Homicide à Sainte-Marie-de-Kent: une communauté inquiète

L’homicide d’Elias Bastarache, un homme de 67 ans de Sainte-Marie-de-Kent, a créé de l’inquiétude dans la petite communauté. Le Groupe des crimes majeurs de la GRC fait enquête.

Gerry Mazerolle, résident de Sainte-Marie, se souvient d’Elias Bastarache comme un homme tranquille qu’il voyait ici et là dans la communauté.

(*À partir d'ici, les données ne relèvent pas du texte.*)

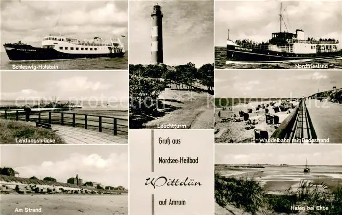 AK / Ansichtskarte Wittduen_Amrum MS Schleswig Holstein Nordfriesland Leuchtturm Landungsbruecke Wandelbahn Badestrand Hafen bei Ebbe Nordseeinsel Wittduen Amrum

Selon lui, l’homme menait une vie tranquille dans une maison cachée des regards, dans une région boisée.

Son corps a été retrouvé par la GRC le 21 février, vers 16h.

La nouvelle de son décès a rapidement fait le tour de la petite communauté. Au début, Gerry Mazerolle croyait qu’il avait été terrassé par une crise cardiaque.

Lorsque la GRC a annoncé qu’il s’agissait d’un homicide, la tension a monté d’un cran dans le paisible village.

«C’est plus inquiétant. C’est énervant pour la paroisse. La GRC a dit que c’était un événement isolé, mais on n’est pas certains de ce que ça signifie. J’habite à 2 km de chez lui, et ça faisait 25 ans que je le connaissais», raconte le retraité.

La victime était un ancien bûcheron. Il vivait seul, «un peu comme un ermite».

«C’était un bon gars, tranquille. Il n’a jamais fait de mal à personne», raconte M. Mazerolle.

Selon lui, la communauté a hâte que la GRC résout cette affaire.

M. Mazerolle, qui est photographe amateur, a publié une photo d’un Elias Bastarache souriant sur sa page Facebook pour lui rendre hommage. La photo aurait été prise il y a une vingtaine d’années, mais l’homme n’avait pas beaucoup changé, d’après le retraité.

«C’est probablement la seule photo de lui.»

Au dépanneur du coin, l’employée Nancy Vigneau raconte que l’homicide est devenu le sujet de discussion de presque tout le monde.

«Il y a une dame qui m’a dit “qu’est-ce que c’est que ça, on est à Sainte-Marie, pas à New York”. Tout le monde se pose des questions, parce que c’était un homme qui ne faisait pas un bruit. C’était quelqu’un de normal.»

Elias Bastarache venait au magasin deux à trois fois par semaine, selon elle.

Les rumeurs circulent, mais Nancy Vigneau affirme qu’elle a hâte que la GRC mette la main sur le coupable.

Dans le cadre de cette enquête, la GRC a annoncé qu’elle cherchait des informations sur un véhicule, une Chevrolet Cavalier coupé jaune de 2005.

Les enquêteurs croient qu’Elias Bastarache était au volant de cette voiture dans les environs de Sainte-Marie et de Bouctouche le 20 février.